Le casting, en un mot : prestigieux. Billy Bob Thornton (géant dans son rôle de tueur ingénieux à qui on donnerait presque le bon Dieu sans confession), Colin "fils de Tom" Hanks, Martin Freeman, Saul de Breaking Bad avec une moustache... Il n'y a pas à dire, les gens responsables du casting ont fait très fort. A cela, rajoutons une inconnue au bataillon, Alison Tolman, parfaitement à l'aise dans le rôle de l'adjointe Molly Solverson, personnage loin du cliché de la flic bombasse des Experts mais ô combien attachante et intelligente. J'étais surprise d'apprendre que Fargo lui ait donné son premier rôle notable, tant elle n'a pas à rougir face à ses collègues qui nous sont plus familiers.

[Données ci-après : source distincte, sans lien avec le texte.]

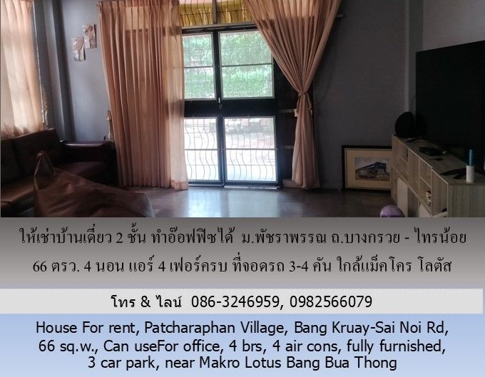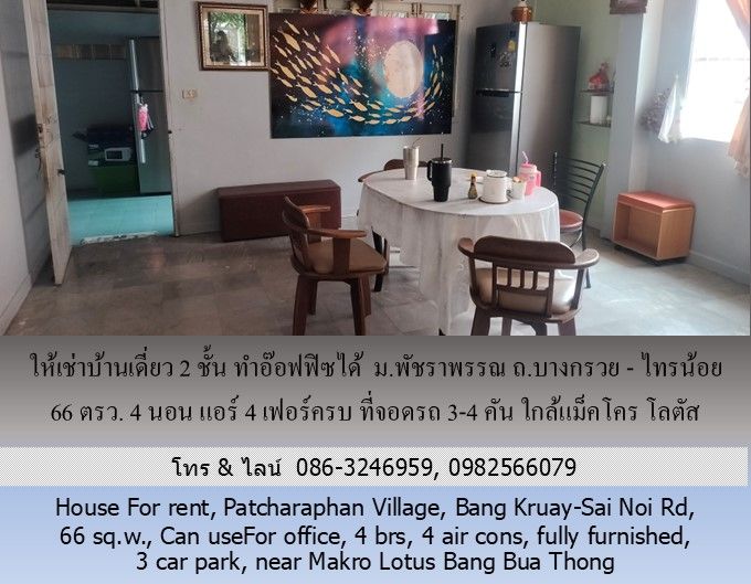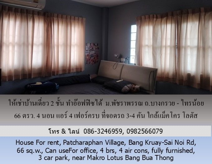 House For rent, Patcharaphan Village, Bang Kruay-Sai Noi Rd, 66 sq.w., For office, 4 brs, 4 air cons, fully furnished,3 car park, near Makro Lotus Bang Bua Thong

Fargo la série permet aussi de voir un autre pan de Martin Freeman. Que ce soit dans le rôle de Sherlock ou dans celui de Bilbo, l'Anglais nous avait toujours habitué à jouer des bonshommes tout ce qu'il y a de plus normaux (même qu'ils sont toujours en train de bafouiller) embarqués dans des histoires qui les dépassent complètement. De gros nounours, quoi. Eh bien maintenant imaginez un croisement entre John Watson et Walter White, et vous pourrez légèrement esquisser le personnage de Lester Nyygard, le gars qui pourrait très bien être votre voisin à qui vous faites tous les matins un petit signe de la main en allant chercher votre courrier.
Fargo est une très bonne série, qu'on se le tienne pour dit. Que vous ayez vu ou non le film, peu importe, ça se boit comme du petit lait et ça serait bien dommage de passer outre. Sur ce, il faut que je me programme le film des frères Coen, sous peine de me faire tirer dessus sans crier garde à bout portant.